A variety of biological problems necessitate analyses of genetic sequence data in both basic and applied research. Until recently, there were two primary sources of low-throughput sequence data: newly generated sequences in a laboratory and sequences deposited in public databases, such as GenBank. In the past 20 years, a qualitative transition has taken place, driven by a technological shift in the kind and amount of data generated. The Sequence Read Archive (SRA) for high-throughput, massively parallel, sequencing data at the National Center for Biotechnology Information (NCBI) was established in 2009 (Kodama, Shumway & Leinonen, 2012). The size of the SRA, administered by the National Center for Biotechnology Information (NCBI), has since snowballed. It has approximately doubled (to 20 petabytes) just in the last three years, between 2019 and 2022 (Katz et al., 2022). In the meantime, the relative value of single-gene submissions to GenBank’s non-redundant (nr) database has declined, despite its continued growth, as reliance on the inexpensive and large datasets produced by the new sequencing tools takes hold in many areas of biology.

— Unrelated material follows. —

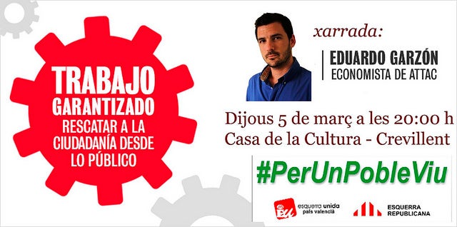 La coalició Esquerra Unida-Esquerra Republicana organitza una xarrada sobre “Treball Garantit”, a càrrec de l’ economista Eduardo Garzón. L’acte tindrà lloc a la Casa de Cultura el dijous 5 de març a les 20 hores.

Currently, about one-third of the SRA database is comprised of RNA-seq data, representing a wide range of taxa and genes appropriate for a variety of analyses at the intersection of genomics and evolution, such as those broadly referred to as “phylogenomics” and “metagenomics” (Eisen, Kaiser & Myers, 1997; Handelsman et al., 1998). While such data is free and publicly available, it is not necessarily easily accessible. For example, on NCBI’s website, only a subset of all SRA datasets can be queried with a sequence-search-tool BLAST, and assemblies are not required to be uploaded along with raw reads. Because of these and other hurdles, the weight of rapidly changing and tedious tasks required to process raw read data often falls on individual researchers. In our experience, many groups are not equipped to take on the significant required diversion to the research program to both enable the use of new tools for sequence analysis and their constant updating. Therefore, the complexity of analyses and lack of integrated tools to conduct them comprise key impediments in the implementation of phylogenomic methods (Lozano-Fernandez, 2022; Wafula et al., 2023)

kakapo is a modular pipeline intended to remove the barriers to entry for many kinds of phylogenomic analyses (Ramanauskas & Igić, 2023). It relies on established tools and stitches them together in a reproducible, self-documenting fashion. The flow of the pipeline is fully defined using one or more configuration files, which are provided as templates with reasonable default values. Without additional intervention, it stores intermediate results and does not repeat previously completed analyses. Prior to the present article, we have previously employed kakapo elsewhere in published work (Sánchez-Cabrera et al., 2021; Ramanauskas & Igić, 2021; Ruiz-Vargas et al., 2023). Here, we describe the implementation of key steps in the pipeline, and provide reproducible examples, which showcase its modular features. The key feature of kakapo is that it enables a flexibly narrowed focus of computational resources and researcher attention on local (targeted) assembly, with a broad variety of pre- and post-processing options, instead of requiring a global whole-transcriptome assembly.

Implementation

kakapo is open source software, released under the GNU General Public License v3.0 and available at https://github.com/karolisr/kakapo. The GitHub repository contains a Wiki with detailed explanations, including step-by-step, multi-platform installation instructions. Below, we give brief instructions and overview of kakapo use, as well as example data and analyses.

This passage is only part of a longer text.